This is an advanced tutorial. Be sure to get through Demo Train, Demo Dense and read Section 2.6 of the PhD Thesis Multi-Layer Conditional Random Fields for Revealing Unobserved Entities before proceeding with this tutorial.

In many practical applications, CRFs have lack of expressivity and a groundtruth label map may not be the solution of the CRF model. In order to handle this problem and get more control over the classiﬁcation process with CRFs, we may introduce additional control parameters training.

As a base for this tutorial we take the code from Demo Dense. The model control parameters there are the numerical arguments to the functions DirectGraphicalModels::CGraphExt::addDefaultEdgesModel(), namely the value specifying the smoothness strength and the weighting parameter.
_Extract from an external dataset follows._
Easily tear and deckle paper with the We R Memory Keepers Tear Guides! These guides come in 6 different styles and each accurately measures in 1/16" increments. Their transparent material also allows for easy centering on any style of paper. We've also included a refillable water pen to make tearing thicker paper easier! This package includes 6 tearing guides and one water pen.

In total Demo Dense code includes 4 control parameters, which were selected empirically. In this tutorial we will try to select these parameters automatically in such a way that they will be optimal it terms of the classification accuracy.
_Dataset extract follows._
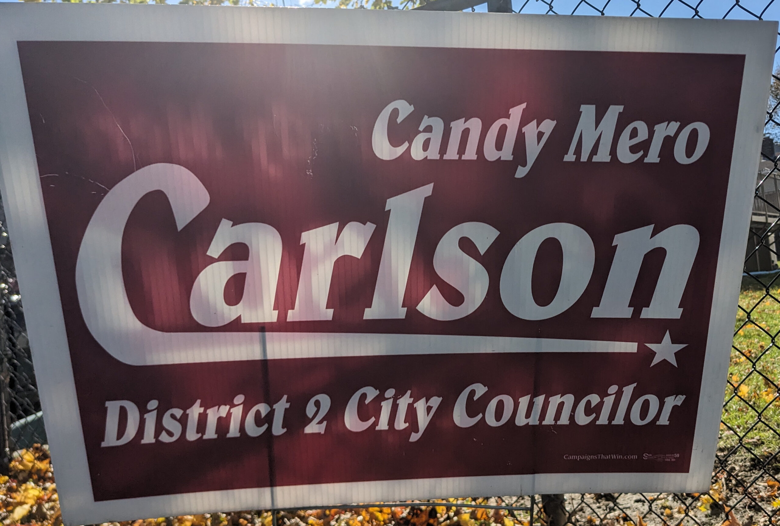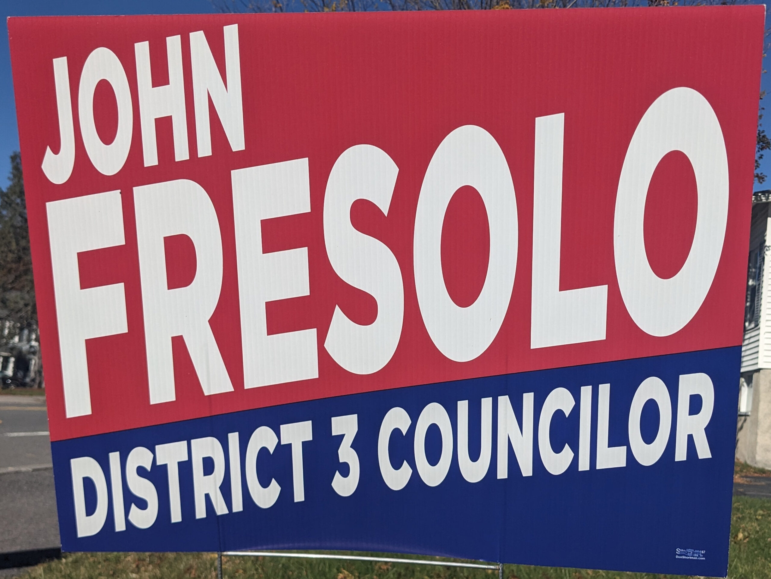 Lawn sign 101. Red + white + blue. Large last name. All the other words as large/readable as possible. Give it some energy by putting everything at an angle. This sign doesn’t want to tell you anything about Fresolo, maybe because it’s confident you remember him from his State Rep days, when his district largely overlapped District 3.

Init Parameters		Resulting Parameters
{ 100, 300, 3, 10 }		{ 90, 310, 29.5, 7.9 }

Class Map with accuracy 87.31 %		Class Map with accuracy 90.07 %

In contrast to the internal parameters of the potential functions, model control parameters are estimated separately, after the potentials are trained. This results in an additional second training phase. We start with gathering all the parameters into one vector vParams. We initialize the values of this vector with those values from the original Demo Dense code. The order of the parameters is important: they will be optimized in the same order as they met in the vector vParams. So, we put first two values specifying the smoothness strength of both edge models and then the corresponding weighting parameters.

const std::vector<float> vInitParams = { 100.0f, 300.0f, 3.0f, 10.0f };
const std::vector<float> vInitDeltas = { 10.0f, 10.0f, 1.0f, 1.0f };
      std::vector<float> vParams     = vInitParams;                         // Actual model parameters

Then we initialize the Powell search class. The vector vInitDeltas containes the minimal step values for the search algorithm to change the parameters. The order of these values corresponds to the order of parameters in vInitParams. Too small values in vInitDeltas may make the search more accurate, but also more slow and increase the probability of stucking in a local extremum. Too large values may lead to oscillation and poor convergence.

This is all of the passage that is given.